### What to work on
Exactly as they appear, copy the lines from the start of the entries below to the line containing "mööblidetaile või prototüüpe.", both ends included.

Collected data entries
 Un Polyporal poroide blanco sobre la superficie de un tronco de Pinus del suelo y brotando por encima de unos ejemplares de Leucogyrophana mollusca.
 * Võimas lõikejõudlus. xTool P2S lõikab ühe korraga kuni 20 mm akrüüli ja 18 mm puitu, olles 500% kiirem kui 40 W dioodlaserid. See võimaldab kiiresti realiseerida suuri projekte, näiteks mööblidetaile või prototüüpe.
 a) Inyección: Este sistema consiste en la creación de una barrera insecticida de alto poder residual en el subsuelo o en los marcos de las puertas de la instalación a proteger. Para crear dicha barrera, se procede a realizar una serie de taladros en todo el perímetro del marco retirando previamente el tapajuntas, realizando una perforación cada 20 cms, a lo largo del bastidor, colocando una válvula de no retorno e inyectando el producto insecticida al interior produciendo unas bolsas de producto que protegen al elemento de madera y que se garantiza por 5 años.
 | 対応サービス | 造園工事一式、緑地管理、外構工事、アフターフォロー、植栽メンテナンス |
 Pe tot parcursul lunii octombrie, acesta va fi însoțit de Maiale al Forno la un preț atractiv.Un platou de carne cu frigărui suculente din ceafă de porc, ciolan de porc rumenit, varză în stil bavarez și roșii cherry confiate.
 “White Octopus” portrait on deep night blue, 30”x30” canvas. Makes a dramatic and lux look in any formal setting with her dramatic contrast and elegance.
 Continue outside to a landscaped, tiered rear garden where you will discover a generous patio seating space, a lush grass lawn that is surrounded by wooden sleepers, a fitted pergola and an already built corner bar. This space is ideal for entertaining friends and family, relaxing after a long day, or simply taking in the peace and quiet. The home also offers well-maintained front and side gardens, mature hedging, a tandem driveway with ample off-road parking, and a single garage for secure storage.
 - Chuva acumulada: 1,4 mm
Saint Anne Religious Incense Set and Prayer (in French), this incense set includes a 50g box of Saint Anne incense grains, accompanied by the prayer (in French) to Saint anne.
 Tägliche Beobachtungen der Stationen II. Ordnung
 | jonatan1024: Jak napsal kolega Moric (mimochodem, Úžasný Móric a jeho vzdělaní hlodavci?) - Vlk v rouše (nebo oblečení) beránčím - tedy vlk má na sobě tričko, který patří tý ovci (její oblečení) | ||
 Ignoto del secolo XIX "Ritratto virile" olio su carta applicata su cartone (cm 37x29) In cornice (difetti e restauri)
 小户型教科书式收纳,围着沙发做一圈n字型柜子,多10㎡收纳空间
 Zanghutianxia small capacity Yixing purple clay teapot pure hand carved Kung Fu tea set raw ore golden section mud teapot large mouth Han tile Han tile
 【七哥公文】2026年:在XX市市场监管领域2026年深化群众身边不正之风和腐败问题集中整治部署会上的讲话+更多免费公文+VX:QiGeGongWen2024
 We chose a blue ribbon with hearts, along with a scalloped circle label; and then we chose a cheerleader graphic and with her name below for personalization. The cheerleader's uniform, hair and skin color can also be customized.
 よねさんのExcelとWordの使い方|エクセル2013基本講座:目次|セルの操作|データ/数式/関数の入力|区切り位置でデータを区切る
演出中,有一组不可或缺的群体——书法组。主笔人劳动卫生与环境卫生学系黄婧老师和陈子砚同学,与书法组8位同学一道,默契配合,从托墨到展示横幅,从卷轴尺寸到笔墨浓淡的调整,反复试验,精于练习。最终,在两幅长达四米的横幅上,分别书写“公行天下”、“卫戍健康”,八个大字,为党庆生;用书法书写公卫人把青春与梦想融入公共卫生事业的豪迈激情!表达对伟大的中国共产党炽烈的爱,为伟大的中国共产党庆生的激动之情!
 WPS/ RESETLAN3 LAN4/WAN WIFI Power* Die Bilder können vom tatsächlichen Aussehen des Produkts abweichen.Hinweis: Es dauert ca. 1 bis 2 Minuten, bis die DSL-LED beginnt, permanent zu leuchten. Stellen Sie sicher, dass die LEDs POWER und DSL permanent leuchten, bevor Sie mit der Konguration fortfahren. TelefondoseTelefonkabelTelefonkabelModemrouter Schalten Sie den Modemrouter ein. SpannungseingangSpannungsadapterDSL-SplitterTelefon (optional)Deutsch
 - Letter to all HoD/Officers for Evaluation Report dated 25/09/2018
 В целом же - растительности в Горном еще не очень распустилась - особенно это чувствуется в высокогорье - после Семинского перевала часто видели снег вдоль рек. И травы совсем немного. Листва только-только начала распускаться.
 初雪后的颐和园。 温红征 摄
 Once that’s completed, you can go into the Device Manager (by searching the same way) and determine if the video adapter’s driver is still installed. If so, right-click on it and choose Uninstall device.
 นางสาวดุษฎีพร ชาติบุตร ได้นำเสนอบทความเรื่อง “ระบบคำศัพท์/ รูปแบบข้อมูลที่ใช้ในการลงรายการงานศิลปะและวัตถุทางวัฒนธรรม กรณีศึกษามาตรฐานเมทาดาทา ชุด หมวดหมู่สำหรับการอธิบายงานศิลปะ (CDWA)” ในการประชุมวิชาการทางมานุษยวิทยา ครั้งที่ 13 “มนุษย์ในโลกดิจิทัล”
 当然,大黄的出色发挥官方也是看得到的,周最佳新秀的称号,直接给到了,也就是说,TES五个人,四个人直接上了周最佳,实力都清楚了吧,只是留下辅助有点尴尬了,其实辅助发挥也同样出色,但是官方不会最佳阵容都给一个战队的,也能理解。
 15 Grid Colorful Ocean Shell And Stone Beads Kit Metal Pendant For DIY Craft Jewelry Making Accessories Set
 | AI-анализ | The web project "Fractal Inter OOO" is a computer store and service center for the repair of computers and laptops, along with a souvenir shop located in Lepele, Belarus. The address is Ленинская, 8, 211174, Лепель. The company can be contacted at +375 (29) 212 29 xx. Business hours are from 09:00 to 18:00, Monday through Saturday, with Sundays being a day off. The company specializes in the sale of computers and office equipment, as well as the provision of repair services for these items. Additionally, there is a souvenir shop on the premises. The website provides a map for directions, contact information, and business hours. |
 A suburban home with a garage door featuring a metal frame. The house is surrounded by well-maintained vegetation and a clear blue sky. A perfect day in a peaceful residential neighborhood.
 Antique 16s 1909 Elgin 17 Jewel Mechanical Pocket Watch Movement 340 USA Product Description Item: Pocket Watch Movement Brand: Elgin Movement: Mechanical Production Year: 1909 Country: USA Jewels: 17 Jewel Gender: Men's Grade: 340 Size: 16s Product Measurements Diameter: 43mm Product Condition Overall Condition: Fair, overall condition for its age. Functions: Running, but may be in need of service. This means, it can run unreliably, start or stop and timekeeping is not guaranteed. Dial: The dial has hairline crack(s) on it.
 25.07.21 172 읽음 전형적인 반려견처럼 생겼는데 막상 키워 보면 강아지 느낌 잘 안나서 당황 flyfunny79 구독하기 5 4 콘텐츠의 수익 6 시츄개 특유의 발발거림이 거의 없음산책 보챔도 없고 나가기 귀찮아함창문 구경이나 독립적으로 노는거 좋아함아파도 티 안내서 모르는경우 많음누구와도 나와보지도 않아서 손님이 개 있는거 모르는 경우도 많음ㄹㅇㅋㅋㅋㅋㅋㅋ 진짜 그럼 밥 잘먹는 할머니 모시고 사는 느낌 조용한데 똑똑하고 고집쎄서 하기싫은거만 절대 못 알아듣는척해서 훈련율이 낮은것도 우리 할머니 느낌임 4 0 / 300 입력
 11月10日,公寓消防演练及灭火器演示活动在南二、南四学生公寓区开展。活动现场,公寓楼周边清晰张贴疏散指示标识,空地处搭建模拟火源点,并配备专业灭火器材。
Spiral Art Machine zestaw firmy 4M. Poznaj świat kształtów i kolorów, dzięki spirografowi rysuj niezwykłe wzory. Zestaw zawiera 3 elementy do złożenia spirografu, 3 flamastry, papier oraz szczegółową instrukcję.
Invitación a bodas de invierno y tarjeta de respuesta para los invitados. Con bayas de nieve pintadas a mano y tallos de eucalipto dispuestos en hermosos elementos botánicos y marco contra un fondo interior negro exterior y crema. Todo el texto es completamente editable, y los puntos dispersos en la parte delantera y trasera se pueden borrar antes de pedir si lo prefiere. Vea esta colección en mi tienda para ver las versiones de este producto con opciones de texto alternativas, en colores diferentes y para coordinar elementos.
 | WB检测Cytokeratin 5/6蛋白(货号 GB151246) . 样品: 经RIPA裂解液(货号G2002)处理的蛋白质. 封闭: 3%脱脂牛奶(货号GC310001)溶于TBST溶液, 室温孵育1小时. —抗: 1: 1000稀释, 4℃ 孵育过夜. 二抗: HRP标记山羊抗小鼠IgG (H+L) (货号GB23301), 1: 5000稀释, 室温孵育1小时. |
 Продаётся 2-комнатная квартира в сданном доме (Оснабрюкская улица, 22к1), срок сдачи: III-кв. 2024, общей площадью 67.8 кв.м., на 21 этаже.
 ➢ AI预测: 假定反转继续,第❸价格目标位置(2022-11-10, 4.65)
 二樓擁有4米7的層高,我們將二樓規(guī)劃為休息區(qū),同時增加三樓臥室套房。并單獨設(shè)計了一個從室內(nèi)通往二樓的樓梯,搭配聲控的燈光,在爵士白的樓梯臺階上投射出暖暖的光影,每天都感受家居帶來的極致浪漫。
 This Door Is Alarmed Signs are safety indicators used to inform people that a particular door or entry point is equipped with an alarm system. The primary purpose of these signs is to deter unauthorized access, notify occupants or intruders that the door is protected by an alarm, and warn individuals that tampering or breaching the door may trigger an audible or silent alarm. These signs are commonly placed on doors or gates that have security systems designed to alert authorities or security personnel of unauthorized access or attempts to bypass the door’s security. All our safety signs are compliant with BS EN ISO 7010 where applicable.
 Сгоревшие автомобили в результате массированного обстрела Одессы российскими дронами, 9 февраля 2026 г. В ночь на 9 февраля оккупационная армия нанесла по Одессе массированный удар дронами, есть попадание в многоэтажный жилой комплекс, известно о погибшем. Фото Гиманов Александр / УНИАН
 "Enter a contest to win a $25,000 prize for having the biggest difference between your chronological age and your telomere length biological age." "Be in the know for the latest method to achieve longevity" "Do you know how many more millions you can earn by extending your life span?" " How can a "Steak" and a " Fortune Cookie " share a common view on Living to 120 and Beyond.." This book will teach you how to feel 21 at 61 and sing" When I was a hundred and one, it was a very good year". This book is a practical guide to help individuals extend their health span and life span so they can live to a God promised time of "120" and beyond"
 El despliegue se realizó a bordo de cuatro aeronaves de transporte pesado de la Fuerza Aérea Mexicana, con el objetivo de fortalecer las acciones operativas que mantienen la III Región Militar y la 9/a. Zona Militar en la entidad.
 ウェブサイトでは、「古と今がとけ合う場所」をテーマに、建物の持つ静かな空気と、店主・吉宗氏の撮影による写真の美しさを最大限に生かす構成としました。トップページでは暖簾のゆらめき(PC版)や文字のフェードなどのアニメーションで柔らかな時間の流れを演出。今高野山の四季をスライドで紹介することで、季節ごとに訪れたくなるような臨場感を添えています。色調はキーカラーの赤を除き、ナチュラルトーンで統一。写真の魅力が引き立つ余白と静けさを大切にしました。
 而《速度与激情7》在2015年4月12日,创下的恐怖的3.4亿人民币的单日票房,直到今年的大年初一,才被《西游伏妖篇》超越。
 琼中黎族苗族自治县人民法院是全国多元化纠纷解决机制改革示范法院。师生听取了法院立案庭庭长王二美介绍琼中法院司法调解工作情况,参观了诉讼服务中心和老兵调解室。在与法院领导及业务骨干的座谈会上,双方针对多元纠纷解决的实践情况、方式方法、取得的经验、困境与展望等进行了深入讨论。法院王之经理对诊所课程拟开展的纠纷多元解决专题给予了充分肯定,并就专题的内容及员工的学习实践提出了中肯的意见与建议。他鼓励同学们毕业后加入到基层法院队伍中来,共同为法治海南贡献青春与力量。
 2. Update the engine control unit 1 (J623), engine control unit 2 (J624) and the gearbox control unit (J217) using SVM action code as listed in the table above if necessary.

### Result
 Un Polyporal poroide blanco sobre la superficie de un tronco de Pinus del suelo y brotando por encima de unos ejemplares de Leucogyrophana mollusca.
 * Võimas lõikejõudlus. xTool P2S lõikab ühe korraga kuni 20 mm akrüüli ja 18 mm puitu, olles 500% kiirem kui 40 W dioodlaserid. See võimaldab kiiresti realiseerida suuri projekte, näiteks mööblidetaile või prototüüpe.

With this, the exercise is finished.